Brave new world

Are you brave enough? Would you dare to just ‘have a go’ and make up music in front of people you’ve never met? Yesterday I met the young musicians who dare to try new things, make mistakes and in the process create something truly magical…

Chosen from the ten Olympic London Boroughs by the LSO, the Next Generation Orchestra is made up of young musicians of differing standards and ages but with one thing in common: they dare to create.

Over three years, working with LSO musicians, learning a lot by trial and error, these young musicians create their own piece of music and perform it on the Barbican stage with the London Symphony Orchestra. No one is required to read music, the pieces are truly their own creation and what’s more they sound brilliant! So what happens on the first day that a Next Generation musician turns up at the LSO?

‘I can remember the first time. It felt really good straight away’ grins Mia, a flugel horn player and 3rd year Next Generation artist. ‘We had to play a piece for the audition and it was in front of all the brass players. It was really scary at first and was not what I expected at all – to be composing and making our own pieces as opposed to playing classical music.

‘On the first day, after the first rehearsal, we split into groups of five – all different instruments so we were with a totally different group of people. Then we created a piece in ten minutes. I remember not knowing anyone. We were trying to learn each others names, co-operate and make music together. It was all totally new to me. I’d never made any music myself before and it was terrifying. We then had to perform it in front of everyone else! It seemed to me that everyone else’s piece was much better than ours…’

But despite the challenge at the beginning of her time with Next Generation, Mia has risen to the occasion and become a guiding member, mentoring others and even leading sessions herself.

‘When we are in our third year of Next Gen, we work on our own – that is really difficult. No one knows what they’re doing and no one wants to take charge’ she laughs. ‘I wanted the others to get a chance at composing but eventually I had to take charge. There was a tumbleweed moment and no one was speaking so I had to!’ Mia divided the group into sections and after some skillful delegating, had them all creating their own pieces. An impressive response by her and some very useful life skills learnt at the same time.

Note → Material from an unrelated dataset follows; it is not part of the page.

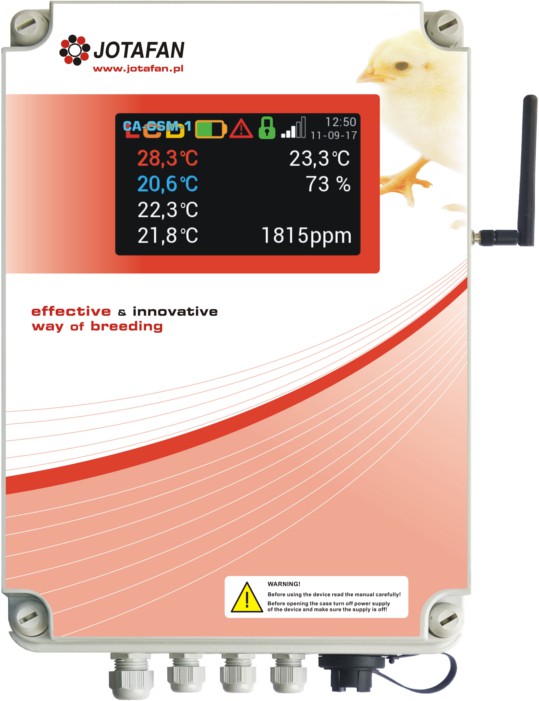 The CA-GSM-1-LCD alarming unit is designed for monitoring conditions in livestock buildings and informing the User by means of GSM communication, sending text messages (SMS) or calling (CLIP) to selected phone numbers in case of emergency situations (alarms). By means of GPRS it is possible to set remotely operation parameters of the alarming unit as well as download the history of operation. The alarming unit can also control the operation of acousto-optic signalling devices (e.g. AS510).

And it’s not only the young musicians who feel the pressure with creating their own music on the spur of the moment. ‘I feel really nervous going into these sessions’ admits Jennie Brown, LSO cellist and tutor for Next Generation. ‘It’s so out of my comfort zone but that’s good for me!’ The kids seem really cool though. They don’t have any music in front of them and they play by ear. I see the same kids over a few years – blossoming, growing in confidence. It’s wonderful to watch.’

Most of the musicians of the LSO are not trained in improvising at all, in fact they spend a large part of their lives having to sight read incredibly difficult music, at speed, under pressure.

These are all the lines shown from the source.